The Shape of Speed

We visited the Portland Oregon Art Museum on 22 July 2018. Their featured exhibit until mid-September is called The Shape of Speed. The exhibit featured rare streamlined automobiles and motorcycles from 1930–1942 that looked like they were moving fast even while at rest. Some of the vehicles are highlighted below starting with a BMW, R7 Concept Motorcycle from 1934. It was in a German show in 1934, crated up, then lost until 2005. BMW craftsmen restored it. Click any image in this post for larger more detailed views.

The designs of the cars were gorgeous. The shapes were streamlined giving the impression of speed and motion. This Stout Scarab from 1936 had seats could be reconfigured, a folding table, and a small couch. The modern minivan has roots in this car.

Stout Scarab

Just inside the front door of the museum was this Graham ‘Sharknose’ Coupe. It gave a strong impression to the visitors.

Several others were placed around the main floor of the museum.

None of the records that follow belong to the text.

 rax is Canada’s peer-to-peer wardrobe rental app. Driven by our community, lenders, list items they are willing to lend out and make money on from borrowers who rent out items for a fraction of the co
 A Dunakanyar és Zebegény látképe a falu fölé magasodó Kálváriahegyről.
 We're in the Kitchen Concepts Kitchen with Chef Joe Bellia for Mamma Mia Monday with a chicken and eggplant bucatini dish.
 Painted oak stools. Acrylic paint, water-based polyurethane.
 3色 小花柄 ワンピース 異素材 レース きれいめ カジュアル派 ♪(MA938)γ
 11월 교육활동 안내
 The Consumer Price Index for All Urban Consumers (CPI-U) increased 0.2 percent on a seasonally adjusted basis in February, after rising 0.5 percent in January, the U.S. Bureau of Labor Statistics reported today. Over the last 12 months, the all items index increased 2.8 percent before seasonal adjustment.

I would be happy to drive any of them around town.

The last one and my favorite is this green Lincoln-Zephyr coupe with a V-12 engine. Conceived by Edsel Ford, the design was introduced for the 1936 model year.

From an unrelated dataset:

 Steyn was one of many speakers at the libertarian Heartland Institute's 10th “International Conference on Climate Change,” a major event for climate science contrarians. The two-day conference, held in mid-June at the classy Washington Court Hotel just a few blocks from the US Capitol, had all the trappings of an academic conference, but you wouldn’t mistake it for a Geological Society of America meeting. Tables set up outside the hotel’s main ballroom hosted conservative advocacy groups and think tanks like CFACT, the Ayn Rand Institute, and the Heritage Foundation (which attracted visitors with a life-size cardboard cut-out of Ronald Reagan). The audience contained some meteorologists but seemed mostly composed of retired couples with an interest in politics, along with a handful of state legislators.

12 thoughts on “The Shape of Speed

  1. shoreacres

    There’s a motorcycle museum out in the hill country. I’ve never been inside, but there always are a lot of bikes parked in the lot. And every year there’s a classic car/wooden boat show at the yacht club where I do most of my work — but I’ve never seen anything quite like these cars in the show. There are some fancy ones, and some very old ones, but these are intriguing. I like the Scarab best, I think. (I wonder if I could get that in red?)

    Reply
  2. Mrs. P

    Love the Sharknose, though I’d never drive it. Rick and I just finished watching The Cars That Made America and which showcased Edsel’s car. I really enjoyed learning more about him…quite brilliant and ahead of his time in many ways. Though my favorite “ahead of his time” automaker was Tucker. We got to see one at the National Auto Museum in Reno…all I can say is WOW!

    Reply
      1. Mrs. P

        Yes, we saw the movie, it was some time ago and it was what made us want to go see a Tucker. When we discovered there was one in Reno, only a few hours from where we lived at the time it became a must see visit.

        Reply
  3. Jim Wheeler

    Makes me think of my very first car, a 1938 Plymouth 2-door my dad bought me while in high school. It had a one-piece windshield (flat, but still one-piece) and three on the floor. I felt so independent!